The vast majority of the algorithms in the literature were developed for the case when all parameters of MCKP are known in one central unit, where the optimization runs. However, this is not always the case in practice. There is a need to develop methods in large networks, which can solve MCKP in a distributed manner; see, for example, the rate adaptation algorithm for multi-hop networks in [
70]. In this case, each network node makes decisions locally instead of globally, as in a centralized scheme. Although there are several distributed methods for KP (see e.g., [
114]), we see a lack of MCKP algorithms in distributed computing. Although distributed algorithms pose new challenges compared to the centralized algorithms, such as communication and cooperation between nodes, managing network latency, proving convergence, etc., distributed methods can be adapted to solve MCKP as well.
In self-organizing systems, decisions of the nodes of the networks rely only on local information. They have high relevance in computer science as well and their advantageous features include robustness and adaptivity. Their structure can converge to an optimal state. It would be also interesting to examine how MCKP can be solved in self-organizing systems.
Uncertainty about the input values may pose a challenge in MCKP. How to manage this problem is also an interesting research direction. In the literature, the fuzzy and chance-constrained versions of the problem (see
Section 4) have attempted to handle the uncertainty.
If the items may arrive at different times, and the items must be selected without knowledge of the future items, the problem can be modelled as an online problem. This is a typical problem, e.g., in serving requests with different value and resource needs. The online version of MCKP could be also the subject of future research. The problem is well studied in the case of the KP [
115], but not MCKP. The offline version “knowing the future” can be solved by using the MCKP algorithm. A typical task in online problems is to compare the online version with the offline version, and to calculate a lower bound on the competitive ratio of the online algorithm, i.e., on the ratio of the total value achieved by the online algorithm and the total value of the optimal offline algorithm.

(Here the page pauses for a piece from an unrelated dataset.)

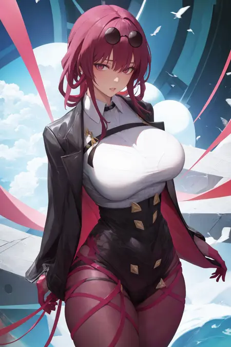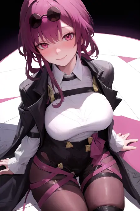 복장: 선글라스, 머리에 안경, 재킷, 흰 셔츠, 팬티스타킹, 부츠

The sizes of the problem instances are increasing in several application areas (e.g., machine learning, multimedia), which brings new challenges. Although MCKP is NP-complete, it may have special cases which can be solved in polynomial time. Discovering MCKP subcases which have efficient solution algorithms could be also a subject of future research.
The versatile application possibilities of MCKP in the literature may inspire researchers to explore new application areas.